The Madison Radicals did not participate in the postseason for the first time in franchise history, having made playoff appearances from 2013 to 2018.

====West Division====

| Team | W | L | Qualifying position |
| San Diego Growlers | 10 | 2 | West Division Final |
| Los Angeles Aviators | 9 | 3 | West Division Final |
| San Jose Spiders | 3 | 9 |
| Seattle Cascades | 2 | 10 |

====South Division====

| Team | W | L | Qualifying position |
| Raleigh Flyers | 10 | 2 | South Division Final |
| Dallas Roughnecks | 8 | 4 | South Division Final |
| Atlanta Hustle | 5 | 7 |
| Tampa Bay Cannons | 4 | 8 |
| Austin Sol | 3 | 9 |

== All-Star Game ==
The inaugural AUDL All-Star game was held on June 8, 2019, at Breese Stevens Field in Madison, Wisconsin. The league opted not to go with conference all-star teams and instead utilized a draft format, with Rowan McDonnell of the DC Breeze and Kevin Petit-Scantling of the Madison Radicals serving as captains. It was regarded by those within the league as one of the highest-level games of Ultimate ever played. The game was televised live on Stadium as part of the network's deal with the league. Team KPS won 28 – 27 after being tied at the end of regulation and overtime, with Max Sheppard of the Pittsburgh Thunderbirds being named MVP. A 2020 edition of the game was later confirmed to be taking place in Washington, D. C.

== Postseason ==
===Divisional playoff===

| Date | Division | Home | Goals | Goals | Away |
|---|---|---|---|---|---|
| 7/20 | Midwest Division | Pittsburgh Thunderbirds | 21 | 20 | Chicago Wildfire |
| 7/20 | East Division | Toronto Rush | 22 | 21 | DC Breeze |

===Divisional final===

| Date | Division | Home | Goals | Goals | Away |
|---|---|---|---|---|---|
| 7/20 | West Division | San Diego Growlers | 25 | 21 | Los Angeles Aviators |
| 7/21 | East Division | New York Empire | 19 | 16 | Toronto Rush |
| 7/27 | South Division | Raleigh Flyers | 17 | 21 | Dallas Roughnecks |
| 7/27 | Midwest Division | Indianapolis AlleyCats | 23 | 17 | Pittsburgh Thunderbirds |

The Indianapolis AlleyCats advanced to their first Championship Weekend since the inaugural season of the AUDL in 2012.
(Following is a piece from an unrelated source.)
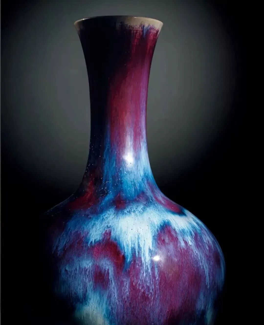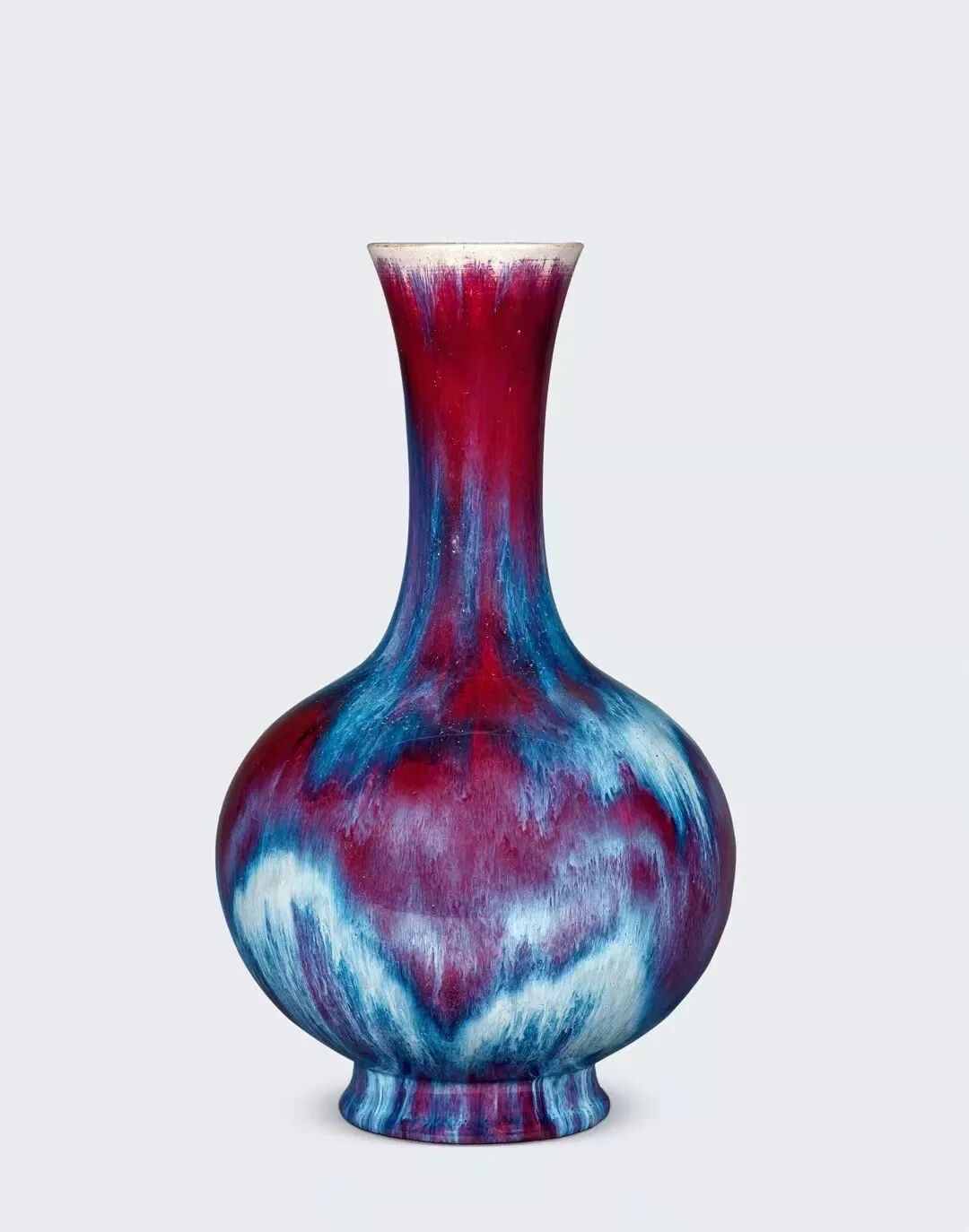 本品器型端庄大方,线条起伏多变,造型挺拔秀美,为清宫御瓷典范之作。瓶口部略外撇,细长颈,丰肩,腹部浑圆,呈球形,下承圈足,足墙外撇。通体施窑变釉,以红为主色,紫、蓝、月白与红色相交融,色彩绚丽,釉质晶莹,釉表形成细密的开片。其窑变釉肥厚润泽,宝光晶莹,呈色异常美妙,苍褐者沉稳如地,青蓝者幽寒如水,艳红者炽烈如火,其交错融流之状,如风动云霞,变换旖旎。瓶优美典雅至极,器身不加雕镂,别无装点,唯以釉色取胜。外底心暗刻“大清乾隆年制”六字三行篆书款,为乾隆早期款。
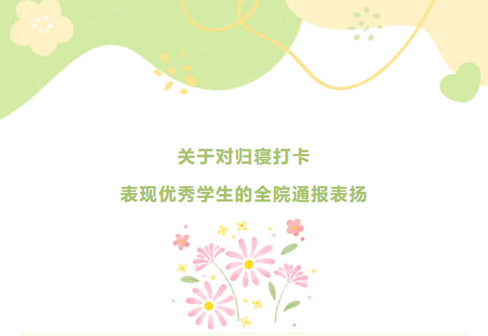 关于对归寝打卡表现优秀学生的全院通报表扬

===Championship Weekend 8===
Championship Weekend 8 took place at Foothill College in San Jose, California from August 10–11, 2019.

| Date | Match | Seed | Team | Goals | Goals | Team | Seed |
|---|---|---|---|---|---|---|---|
| 8/10 | Semifinal | 1 | New York Empire | 17 | 15 | Indianapolis AlleyCats | 4 |
| 8/10 | Semifinal | 2 | Dallas Roughnecks | 23 | 18 | San Diego Growlers | 3 |
| 8/11 | Final | 1 | New York Empire | 26 | 22 | Dallas Roughnecks | 2 |

The New York Empire won their first title, and Beau Kittredge won his fifth title overall. New York joined the 2016 Dallas Roughnecks and 2013 Toronto Rush as the only AUDL teams in history to finish a season undefeated.